Cluster computing

Tuesday, February 26, 2019

We continue with the discussion on ledger parser
Checks and balances need to be performed as well by some readers. The entries may become spurious and there are ways a ghost entry can be made. Therefore, there is some trade-off in deciding whether the readers or the writers or both do the cleanup work.
The trouble with cleanup is that it requires modifications to the ledger and while they can be done independently by designated agents, they don’t give as much confidence as when they came from the source of the truth as the online writer. Since cleanup is a read-write task, it involves some form of writer.
If all the writes were uniform and clean entries, it does away with the need for designated agents and their lags and delays. At this end of the writer only solution, we have traded-off performance. At the other end of high-performance online writing, we are introducing all kinds of background processors, stages and cascading complexity in analysis.
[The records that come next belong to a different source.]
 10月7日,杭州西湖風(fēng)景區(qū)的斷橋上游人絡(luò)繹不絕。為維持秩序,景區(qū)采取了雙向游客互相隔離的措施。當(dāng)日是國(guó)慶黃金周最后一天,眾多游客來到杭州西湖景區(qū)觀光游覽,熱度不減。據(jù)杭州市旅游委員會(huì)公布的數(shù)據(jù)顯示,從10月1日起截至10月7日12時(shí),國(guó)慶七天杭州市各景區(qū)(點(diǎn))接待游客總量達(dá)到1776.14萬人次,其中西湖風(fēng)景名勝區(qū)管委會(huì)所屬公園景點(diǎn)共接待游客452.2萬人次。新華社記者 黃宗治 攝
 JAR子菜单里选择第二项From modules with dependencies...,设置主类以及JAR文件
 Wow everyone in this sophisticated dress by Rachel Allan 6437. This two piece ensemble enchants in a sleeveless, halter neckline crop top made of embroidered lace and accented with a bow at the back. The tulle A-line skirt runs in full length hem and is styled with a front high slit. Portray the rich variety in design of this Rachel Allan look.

The savvy online writer may choose to use partitioned ledgers for clean and accurate differentiated entries or quick translations to uniform-entries by piggy-backing the information on the transactions where it can keep a trace of entries for that transaction. The cleaner the data, the simpler the solution for downstream systems.
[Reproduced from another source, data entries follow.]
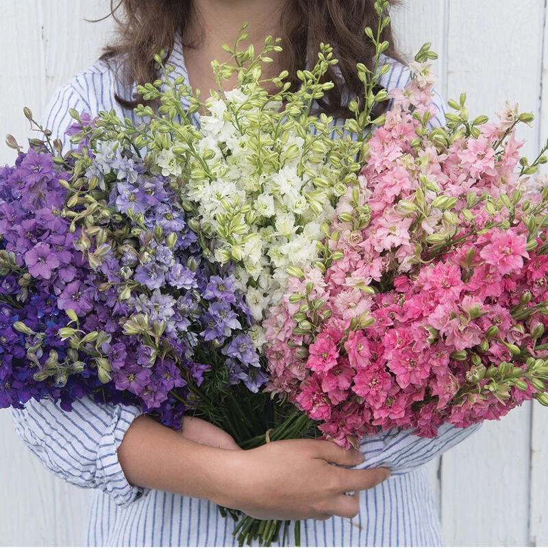 Features tall spires of dense florets. All colors produce double blooms with a small percentage of singles. 1 1/2–1 3/4″ florets on 9–12″ flower spikes. Very similar to the Sublime series, which QIS™ replaced. Mix includes: carmine, dark blue, light blue, light pink, lilac, rose, and white. Mixture is a formula mix, meaning the individual colors are grown and maintained separately and seeds are then mixed together in measured quantities. Attracts hummingbirds.
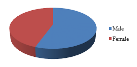 Data presented in Table 1 reveal that 55.56% (35) of the total respondents for the study are males while 44.44% (28) are females (Figure 1).
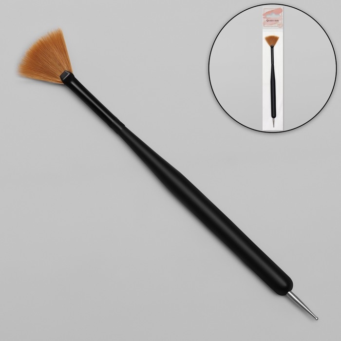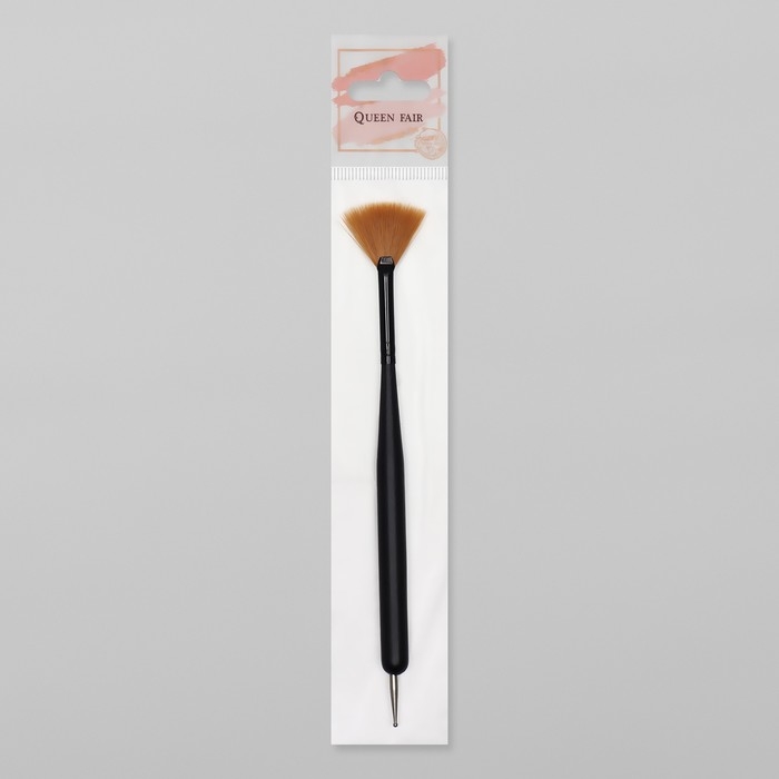 Кисть-дотс для дизайна ногтей, веерная, 15 см, цвет матовый чёрный

The elapsed time for analysis is the sum of whole. Therefore, all lags and delays from background operations are included. The streamlining of analysis operations requires data to be clean so that the analysis operations are read only transactions themselves.
If the operations themselves contribute to delays, the streamlining of operations for the overall analysis requires the use of persisting results from these operations where the input does not change. Then the operations need not be run each time and the results can be re-used for other queries. If the stages are sequential, the overall analysis becomes streamlined.
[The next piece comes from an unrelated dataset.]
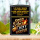 A striking lighter design bursts with energy and creativity, featuring bold golden lettering that spells out Good Vibes alongside a vibrant flame. The artistic elements create a sense of excitement amid a dark backdrop, inspiring positivity and fun.
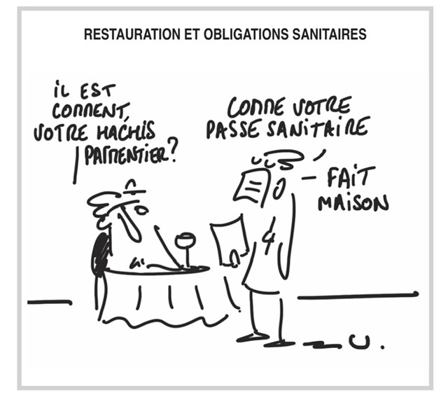 Je suis VRAIMENT en retard avec Le Canard Enchaîné cette semaine. On aurait pensé que dans son propre pays, je l’aurais lu tout de suite mercredi. Mais j’ai passé mercredi à Orléans, et je ne regrette pas du tout ce que j’ai fait au lieu. Les prochains deux jours ont été presque également occupés. Mais il s’avère que le thème du Canard cette semaine avait beaucoup à voir avec mon voyage ! Regarde, les mésaventures du pass sanitaire :

Unfortunately, the data from users cannot be confined to a size. Passing the results from one stage to another breaks down when there is a large amount of data to be processed in that stage and sequential processing does not scale. In such cases, partial results retrieved earlier help enable downstream systems to have something meaningful to do. Often, this is adequate even if all the data has not been processed.

Monday, February 25, 2019

Ledger Parser
Bookkeeping is an essential routine in software computing. A ledger facilitates book-keeping between components. The ledger may have entries that are written by one component and read by another. The syntax and semantics of the writes need to be the same for the reads. However, the writer and the reader may have very different loads and capabilities. Consequently, some short-hand may sneak into the writing and some parsing may be required on the reading side.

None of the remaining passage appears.